Proof. Let `M=(\Gamma, Q, \delta)` be a `k` tape machine that computes `f` in time `T(n)`. Recall that in our definition of TM we assumed `\Gamma` contains `0, 1, square, \Delta`, but it also might contain additional other symbols. We will get the speedup by making a simulating `k+1` tape machine `M'=(\Gamma', Q', \delta')` that encodes several moves of `M` by one move of `M'`. To be specific let `\Gamma'=\Gamma\cup \Gamma^m` -- we'll fix `m` in a moment. To begin `M'` scans the input `x= x_1 ... x_n` writing for each `m` adjacent symbols a single symbol in `\Gamma'` on the second tape. At the end of this `n+2` step process the second tape has `|~n/m~|` squares with symbols. We spend another `|~n/m~|` steps rewinding this tape. We thereafter treat the second tape as the input tape, and use the remaining `k` tapes to simulate the read/write tapes of the original machine. The machine `M'` then simulates `m` steps of `M` using 6 or fewer steps. At the beginning of a simulating stage the state of `M'` consists of a `k+1` tuple (really k+2, but we are ignoring the original input tape now) `(q, j_1,..,j_k)` where `q` is `M'`s state at the start of the stage, and the `j_i`s represent where within the current `m`-block on each tape Ms head would be. For each tape `M'` then scan one square left, two right, one left. It remembers in its controls the symbols it saw to the left and right. Using this information `M'` can now completely predict where `M` would go in its next `m` moves. It then updates the at most two tape square it needs to update and starts simulating the next. If `M` halts with a `1` or `0` on its output, so does `M'`. Simulating `T(n)` steps takes time `|x| + |~|x|/m~| +6|~(T(|x|))/m ~|` steps. So for `m = |~ 6/\epsilon ~|` the theorem holds.

"Good" Time Complexities

What should be legal functions `T` to consider when measuring run time? Weirdly oscillating functions might be difficult to reason about. The next definition tries to capture the notion of reasonable run time bound...

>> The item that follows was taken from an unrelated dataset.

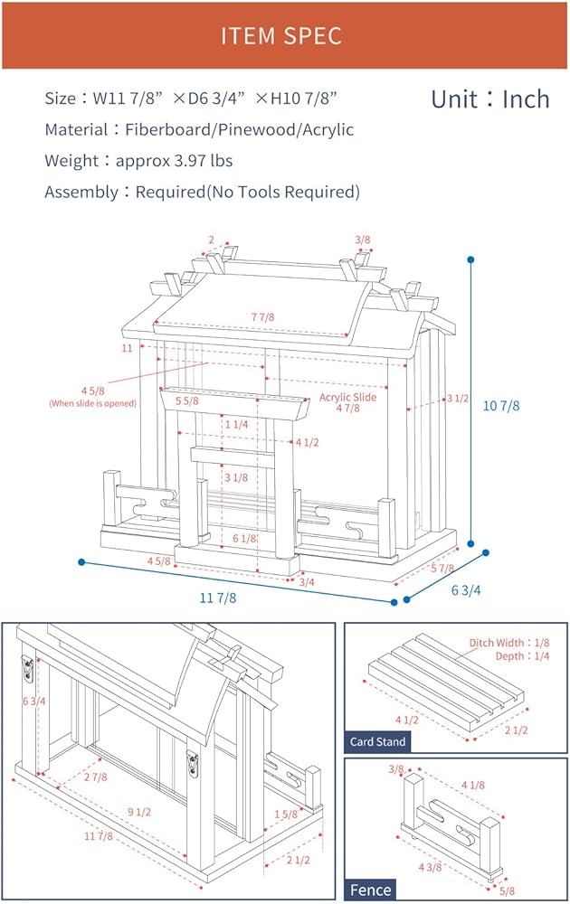 【نصف مجمعة】 تأتي العناصر نصف مجمعة. إرفاق الحلي فقط. يمكن فصل بوابة Torii والأسوار. يتطلب أدوات فقط عند التركيب على الحائط.

Definition. A function `T:NN -> NN` is time constructible if `T(n) ge n` and there is a TM `M` that computes the function `x mapsto lfloor T(|x|) rfloor` in time `T(|x|)`.

If a function is time contructible, then we can imagine have a TM go from the input, write a time bound on an auxiliary tape, and then use that tape to do a countdown that would also us to time a computation. As we will see, this can be useful in coming up with simulating algorithms.
Functions like: `n log n`, `n^2`, and `2^n` are all time constructible.
In this definition, we are assuming that we can expand the alphabet of our TMs and use this to speed up computations by up to a linear factor.

Example

Claim. The function `31(n+2)` is time constructible.

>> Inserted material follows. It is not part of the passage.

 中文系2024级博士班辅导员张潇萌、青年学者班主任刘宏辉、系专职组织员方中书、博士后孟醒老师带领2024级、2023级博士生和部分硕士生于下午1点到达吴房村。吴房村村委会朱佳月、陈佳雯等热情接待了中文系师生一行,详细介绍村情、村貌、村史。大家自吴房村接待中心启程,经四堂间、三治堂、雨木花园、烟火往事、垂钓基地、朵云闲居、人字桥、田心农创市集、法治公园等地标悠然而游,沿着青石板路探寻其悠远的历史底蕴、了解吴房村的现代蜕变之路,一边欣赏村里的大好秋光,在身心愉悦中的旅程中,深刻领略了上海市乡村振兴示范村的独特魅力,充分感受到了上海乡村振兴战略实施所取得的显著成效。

Proof. We will use a three tape machine to carry out the proof. On input `x`, our machine on the input tape will read one square of the input and advance to the right. It will do this until it reaches the first blank square. Then it will rewind the tape and move until it sees the start symbol. Then it will reverse direction again. It will scan the input 31 times in this fashion then halt giving the run time bound. As the first tape head is doing this we will be computing stuff, using the other two tapes, with the output tape eventually writing down the number `31(|x| + 2)`. On the first, left-right pass of the input tape, the output tape gets `0` (zero in binary written on it). In this same pass we write a string of length |x| of 1's on the second tape. While the input tape head continues to scan back and forth, we do the following routine on the other two tapes. Move left on the second tape by one, add 31 in binary to the output tape. If we are on the start symbol of the second tape, then we stop doing this routine. We claim that this routine will take fewer than `30(n+2)` steps, and so it will complete before we are done scanning the input tape back and forth 31 times. Since we are adding 31 in binary (that is, `11111`) `|x|+2` times, the output tape will have `31(|x|+2)` on it when the computation halts. To see the routine takes at most `30(n+2)` steps we note when we add 31, that `(n+2)/2` times we have to carry at most once any beyond the 5 digits in 31, `(n+2)/4` times we have to carry at most twice, `(n+2)/8` we need to carry at most three times, etc. Carrying `i` times plus moving the 5 digit positions of 31 in binary takes at most `2(i+5)` steps. So to add `31`, `n+2` times takes at most `\sum_{i=1}^{log n+5}(n+2)\cdot(2(i+5))/2^i` steps. For `i \geq 8`, `2(i+5) < (3/2)^i`, so
`\sum_{i=1}^{log n+5}(n+2)\cdot(2(i+5))/2^i = (12/2 + 14/2^2 + \cdots + 24/2^7)(n+2) + \sum_{i=8}^{log n+5}(n+2)\cdot (2(i+5))/2^i <`
`14(n+2) + \sum_{i=8}^{log n+5}((n+2)\cdot (3/2)^i)/2^i`
As `(3/4)^8 < 1/8`, the above is in turn less than
`14(n+2) + 1/8\sum_{i=0}^{log n+5}((n+2)\cdot (3/4)^i) =14(n+2) + (n+2)/8 \sum_{i=0}^{log n+5}(3/4)^i =`
`14(n+2) + (n+2)/8 (1 - (3/4)^{log n+5})/(1-3/4) < 14(n+2) + (n+2)/8 \cdot 4 < 15(n+2)< 30(n+2)`.

Quiz

Which of the following statements is true?

`n=o(n)`.
The input tape of the Turing Machine model we considered was read-only.
There are Boolean functions computable by a Java program that cannot be computed by a Turing Machine.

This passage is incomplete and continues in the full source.